RUN pip install --user --no-warn-script-location -r requirements.txt

# Production image
FROM base AS production

# Copy user configuration
RUN groupadd -r appuser && \
    useradd -r -g appuser -d /app -s /bin/bash appuser

# Install runtime dependencies
RUN apt-get update && \
    apt-get install -y --no-install-recommends \
        curl \
        ca-certificates && \
    rm -rf /var/lib/apt/lists/* && \
    apt-get clean

WORKDIR /app

# Copy Python dependencies
COPY --from=dependencies --chown=appuser:appuser /root/.local /home/appuser/.local

# Copy application code
COPY --chown=appuser:appuser . .

# Ensure script is executable
RUN chmod +x docker-entrypoint.sh

# Switch to application user
USER appuser

# Set PATH to include user-installed packages
ENV PATH=/home/appuser/.local/bin:$PATH

# Set application environment variables
ENV APP_VERSION=${VERSION} \
    APP_ENV=production \
    PORT=5000

# Expose port
EXPOSE 5000

# Health check
HEALTHCHECK --interval=30s --timeout=10s --start-period=5s --retries=3 \
    CMD curl -f http://localhost:5000/health || exit 1

# Startup configuration
ENTRYPOINT ["./docker-entrypoint.sh"]
CMD ["gunicorn", "--bind", "0.0.0.0:5000", "--workers", "4", "--timeout", "120", "app:app"]

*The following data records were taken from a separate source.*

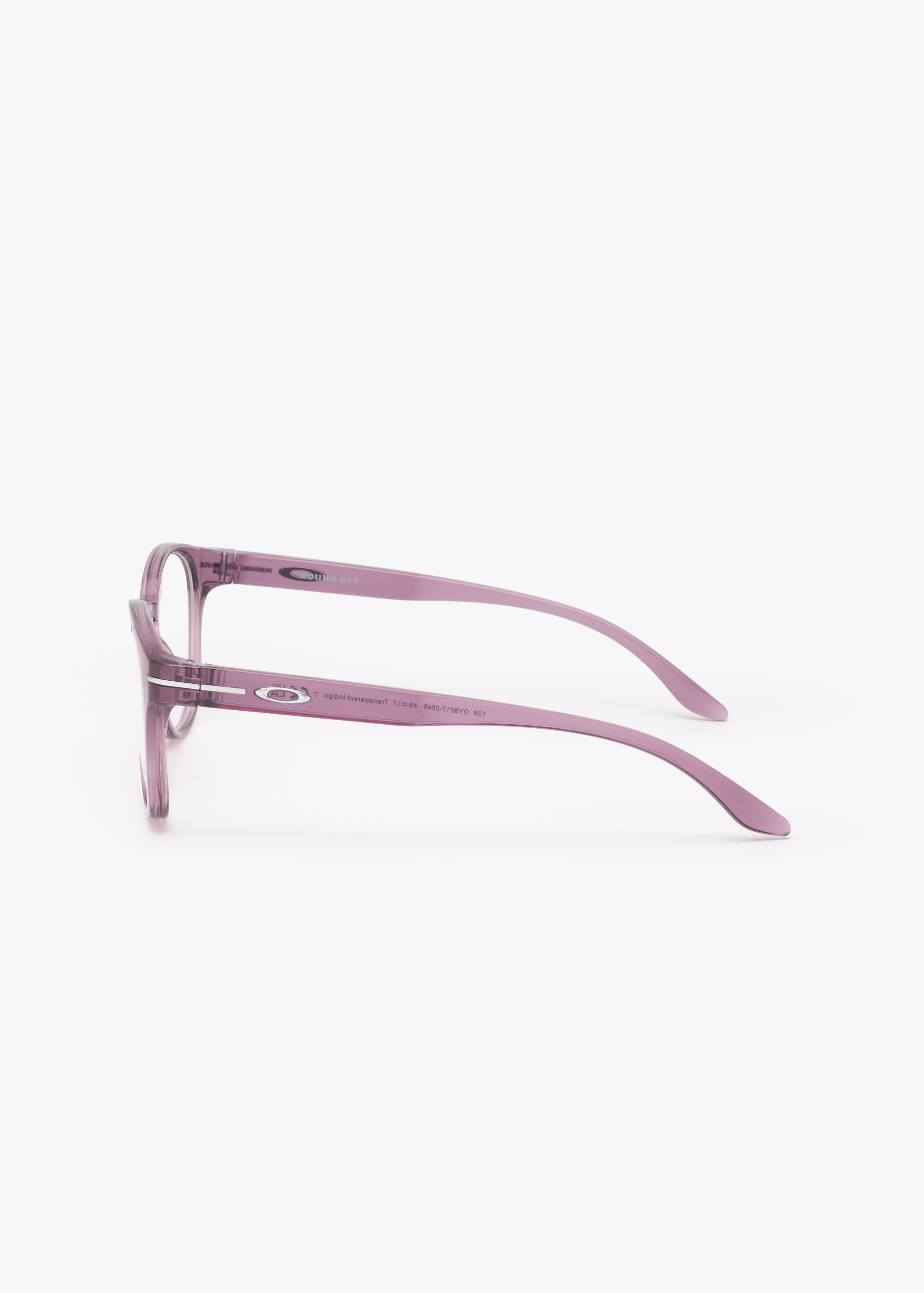 The Oakley OY8017-0548 Transparent Indigo is a youth-fit Round Off eyeglass frame in a translucent indigo color, designed for kids and active wear. It features a lightweight, durable plastic (O-Matter) construction with a full-rim round shape that suits everyday wear. The frame typically comes in sizes like 48-17-128 mm, meaning ~48 mm lens width and a 17 mm bridge, and can be fitted with prescription lenses. It’s comfortable and built for everyday use with a secure fit tailored to younger faces. Authentic pairs should be purchased from official Oakley dealers to ensure quality and correct frame details
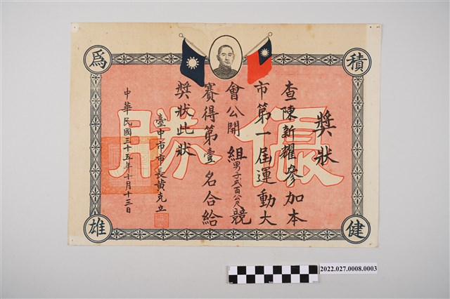陳新耀參與民國三十五年臺中市第一屆運動大會公開組男子貳百公尺競賽第一名獎狀
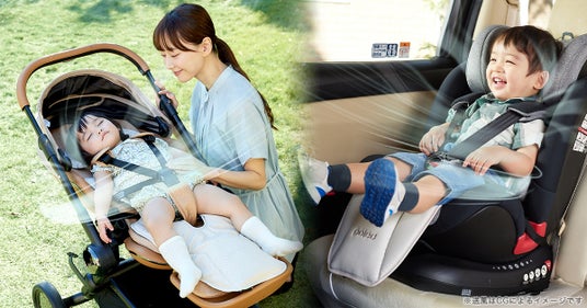輻射熱で高温になりやすいベビーカーや、熱がこもりやすい車内のチャイルドシートに取り付けて使用できる送風機付きのクールシートです。シート全体から優しい風を排出することで赤ちゃんのお肌をサラサラ快適に保ちます。
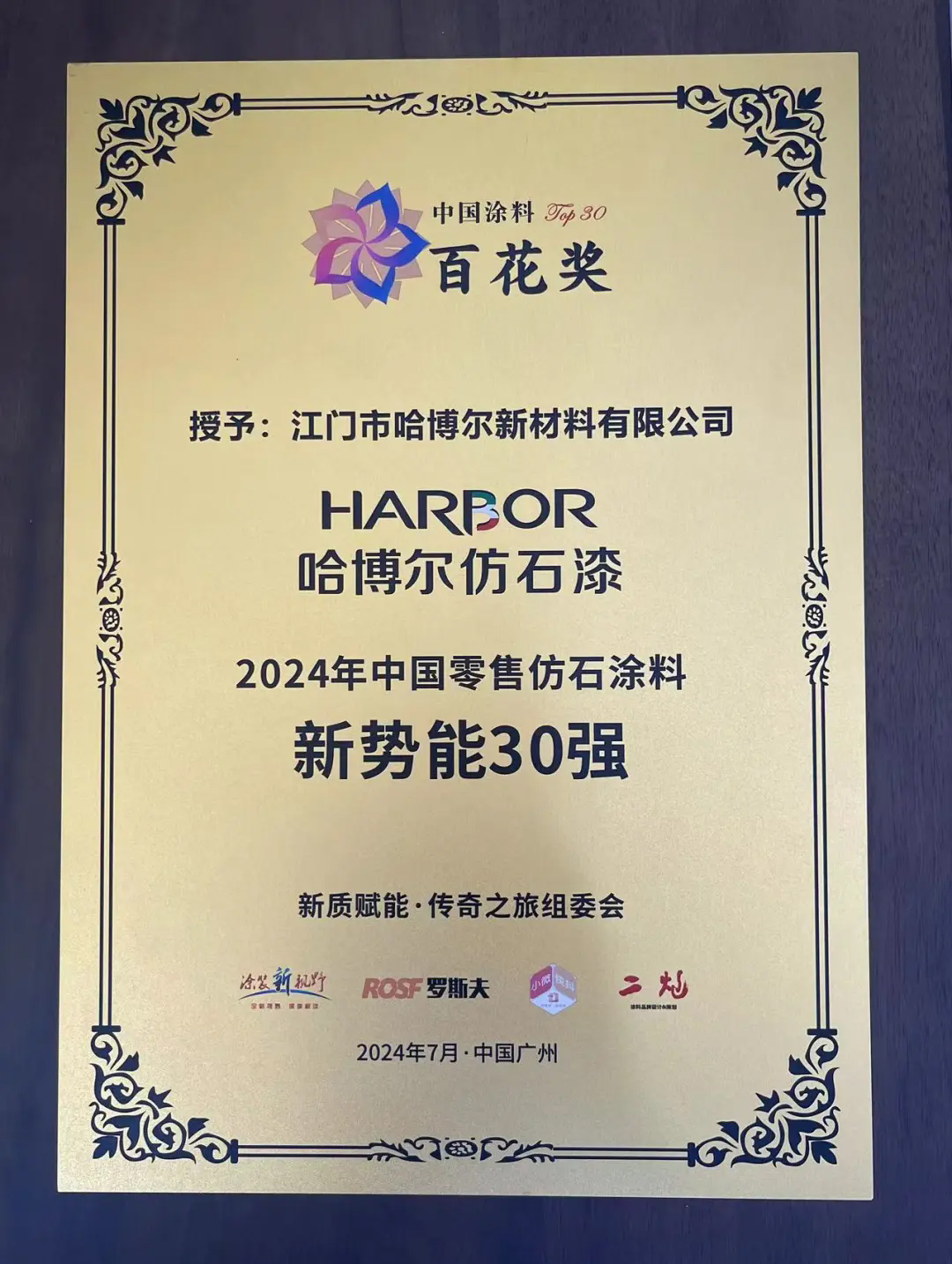 喜报|哈博尔荣获2024中国零售仿石涂料 新势能30强
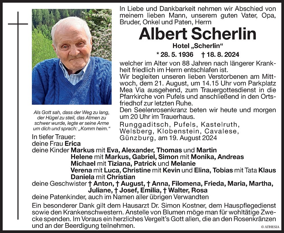 Wir begleiten unseren lieben Verstorbenen am Mittwoch, dem 21. August, um 14.15 Uhr vom Parkplatz Mea Via ausgehend, zum Trauergottesdienst in die Pfarrkirche von Pufels und anschließend in den Ortsfriedhof zur letzten Ruhe.
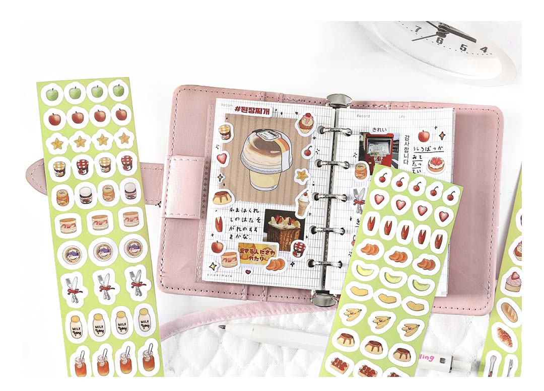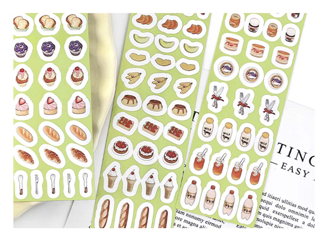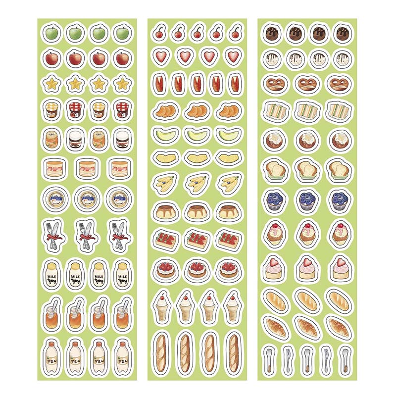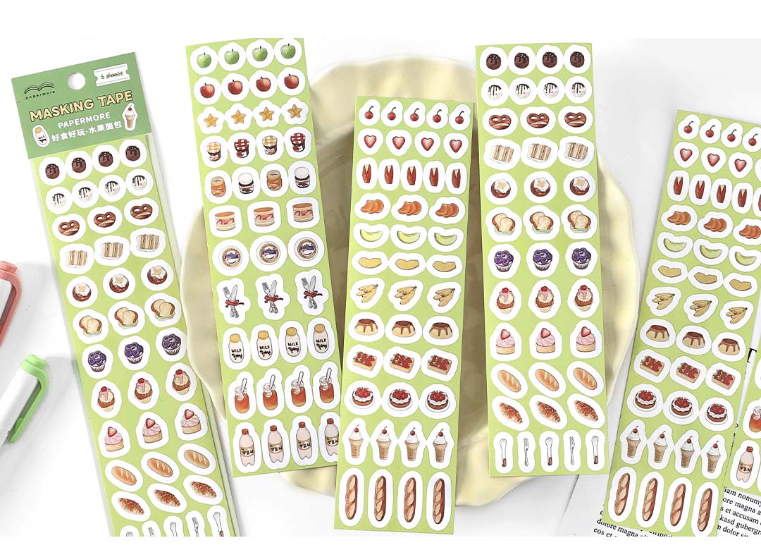 - Set de 3 hojas de pegatinas con estampados de frutas y bollería.
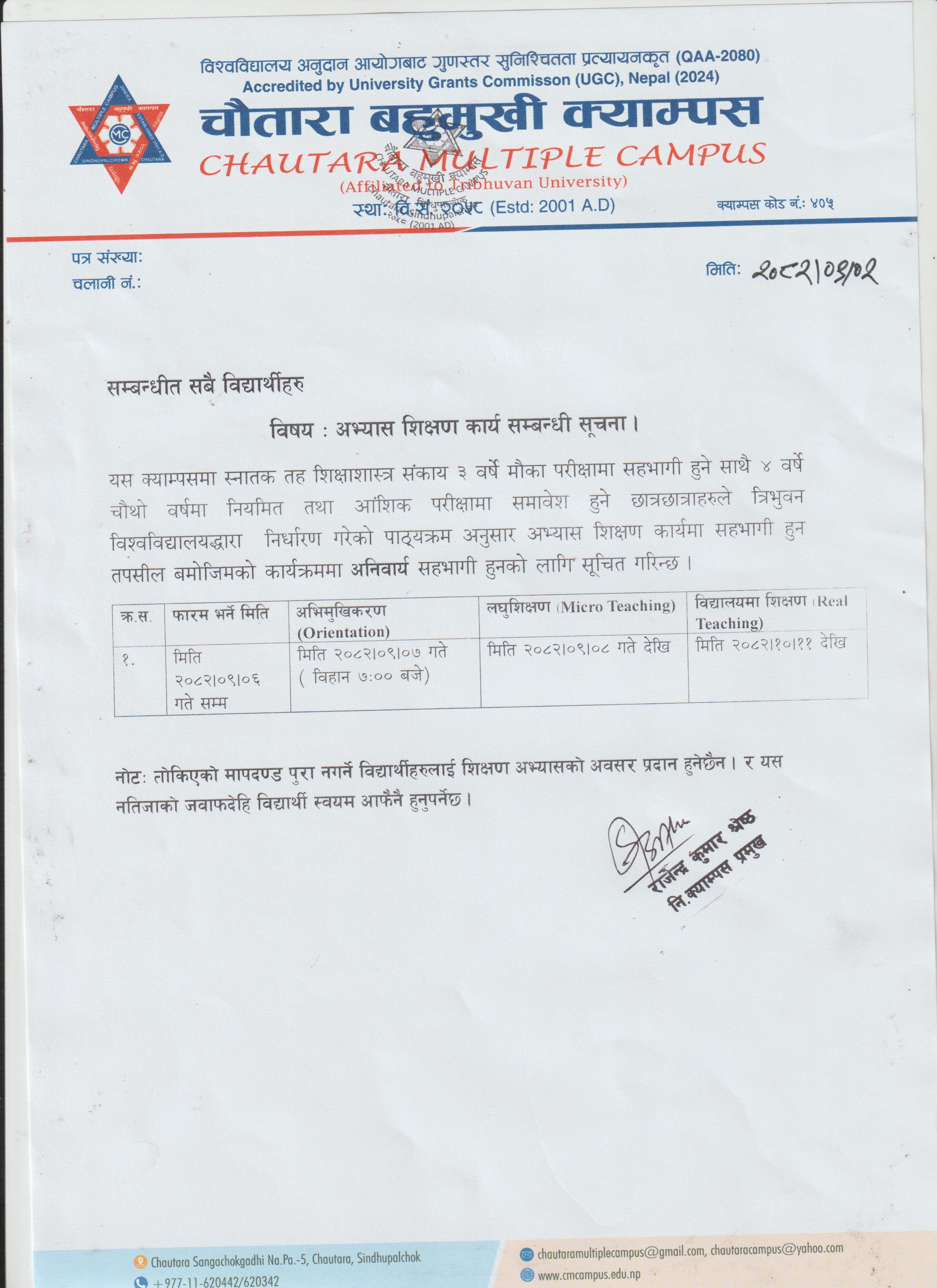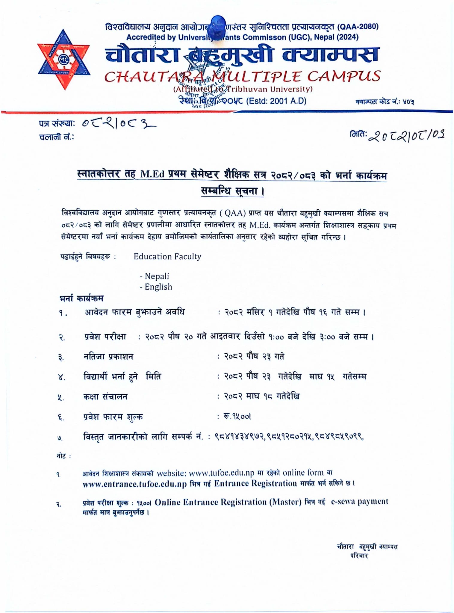 | स्नातकोत्तर तह एम.एड. प्रथम सेमेष्टर ०८२/०८३ को भर्ना सम्बन्धी सूचना । |
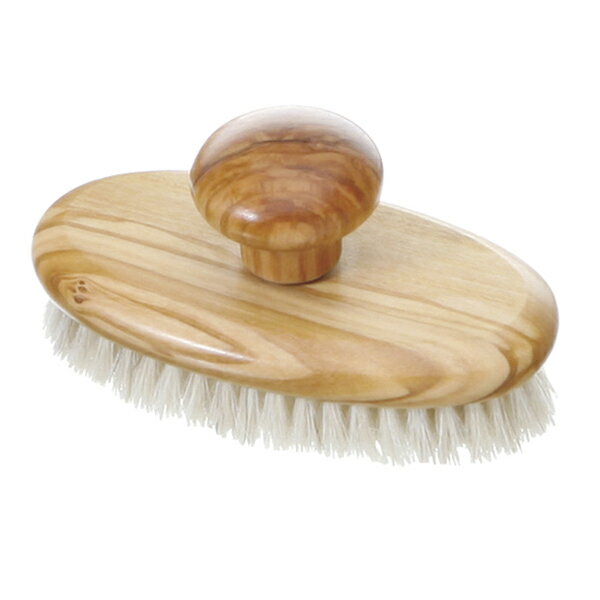 100年以上の歴史を持つドイツのフェラー社。ドイツで製造し、高品質な商品開発を常に心掛け、進化しつづけるデザイン性も評価されています。木の原産地は地中海地域(ギリシャ、スペイン、イタリア等)で非常に古い木のみを使っています。その成長が非常にゆっくりなため、木の性質として非常に固く密度が高いのが特徴です。また毛素材は厳選された馬毛を使用しており、肌へのやさしいタッチが特徴のボディブラシです。◆特徴:ボディブラシ、オリーブの木、馬毛◆サイズ:約13×6.5×7cm◆素材:オリーブの木、馬毛◆原産国:ドイツ ●お肌を痛めないようにこすり過ぎにご注意下さい。●肌の弱い方、アレルギー体質の方、皮膚に異常のある方はご使用にならないで下さい。●乳幼児にはご使用にならないで下さい。●天然木を使用しているため、水分を含むと反りや変形が起こる場合があります。 ご使用後はよくすすいで水気を切り、風通しの良いところで乾かして下さい。●毛抜けの原因となりますので、毛の部分を強くひっぱらないで下さい。●強い力で円を描くように使用すると、毛が倒れ絡み合う場合があります。毛先が回る程度の軽い力でご使用下さい。●毛が倒れこんでしまった場合には、熱いお湯につけ、毛が柔らかくなったところで堅い櫛状の物ですいて下さい。●天然毛は初めのうち獣毛特有の臭気を発する場合がありますが、 繰り返しご使用頂くと次第に消えていきます。

Create .dockerignore file:

.git
.gitignore
README.md
Dockerfile
.dockerignore
__pycache__
*.pyc
*.pyo
*.pyd
.Python
.pytest_cache
.coverage
.venv
venv/
.env
.env.local
.env.development.local
.env.test.local
.env.production.local

Build and test:

# Build image
docker build \
  --build-arg BUILD_DATE=$(date -u +'%Y-%m-%dT%H:%M:%SZ') \
  --build-arg VCS_REF=$(git rev-parse --short HEAD) \
  --build-arg VERSION=1.0.0 \
  -t flask-app:1.0.0 \
  -t flask-app:latest .

# View image information
docker images flask-app
docker inspect flask-app:latest | jq '.[0].Config.Labels'

# Run container
docker run -d --name flask-app \
  -p 5000:5000 \
  -e APP_ENV=production \
  flask-app:latest

# Test application
curl http://localhost:5000/
curl http://localhost:5000/health
curl http://localhost:5000/info

# View logs
docker logs -f flask-app

# Cleanup
docker stop flask-app
docker rm flask-app
Dockerfile Best Practices
  1. Single Responsibility: Each container should run only one service
  2. Minimize Layers: Combine related RUN instructions to reduce layers
  3. Utilize Caching: Place less frequently changing instructions earlier
  4. Security Configuration: Use non-root users to run applications
  5. Health Checks: Add health checks to ensure service availability
  6. Tag Management: Add appropriate tags and metadata to images
Important Notes
  • Avoid including sensitive information (passwords, keys, etc.) in images
  • Use multi-stage builds to reduce final image size
  • Regularly update base images for security patches
  • Use .dockerignore to exclude unnecessary files
  • Pin base image versions in production environments

Summary

Through this chapter, you should have mastered:

  • Dockerfile Syntax: Proficiency in using various Dockerfile instructions
  • Build Techniques: Mastering multi-stage builds and image optimization methods
  • Best Practices: Understanding security, performance, and maintainability best practices
  • Practical Skills: Ability to write high-quality Dockerfiles for different types of applications

In the next chapter, we’ll learn about Docker volumes and network configuration, addressing container data persistence and network communication issues.